Between 1960 and 2020, Côte d’Ivoire’s forest cover declined from 12 million hectares to less than three million hectares as agriculture, in particular cocoa production, expanded. Since 1986, deforestation rates have been extremely high, at around 2,8% annually. At current trends, Côte d’Ivoire’s forests will soon no longer fulfil their productive and ecosystem functions, threatening the country’s agricultural economy, and putting at risk the livelihoods of millions of smallholder farmers.
Since 2014, Côte d’Ivoire has made strong commitments to decouple agricultural production from deforestation and restore forest cover to 20% of the territory by 2030, from the current 9,2%. These commitments were integrated into the country’s National REDD+ Strategy, adopted in 2017. The strategy articulates the country’s multisectoral response to boost forest restoration and zero-deforestation agriculture. A new forest code, adopted in 2019, provides the overall framework for action to extend and restore forests. However, important issues are still under discussion regarding the adoption of incentive measures to encourage farmers’ investments in forestry activities in the rural domain.

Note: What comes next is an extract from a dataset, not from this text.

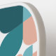 This retro and modern pickleball paddle features a your name or text on a white background with geometric patterns in sky blue, navy blue, teal, and pink. Personalise it for your needs.
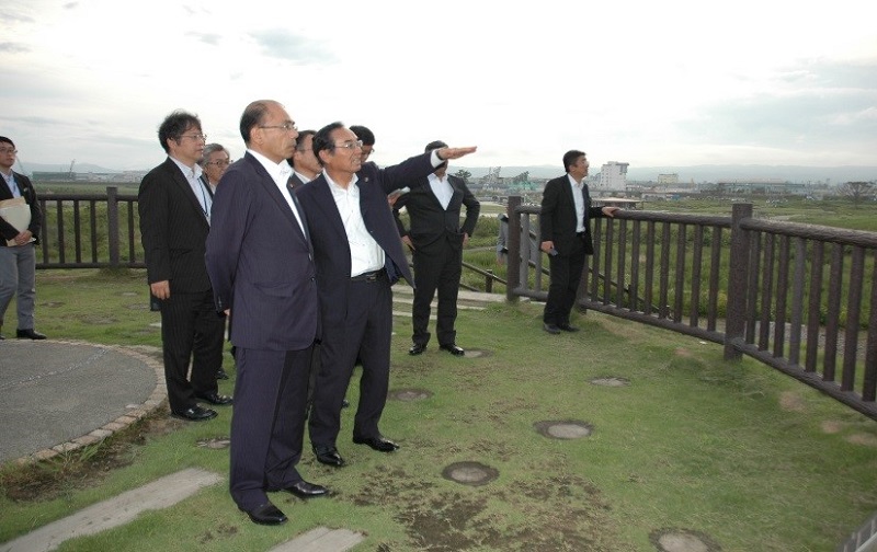 ▲石巻市 旧北上川河口災害復旧事業の視察

In 2021, the EU and Côte d’Ivoire initiated a policy dialogue on sustainable cocoa to address the root causes of unsustainable cocoa production ahead of the adoption of the EU Deforestation Regulation in June 2023.
To address the underlying causes of deforestation, in 2022, the Ministry of Planning and Development (MPD) initiated the development of its first National Spatial Planning Scheme and a National Support Programme for Territorial Planning at various jurisdictional levels. At the same time, the Rural Land Agency continues to implement the National Plan for Land Tenure Securing with World Bank support.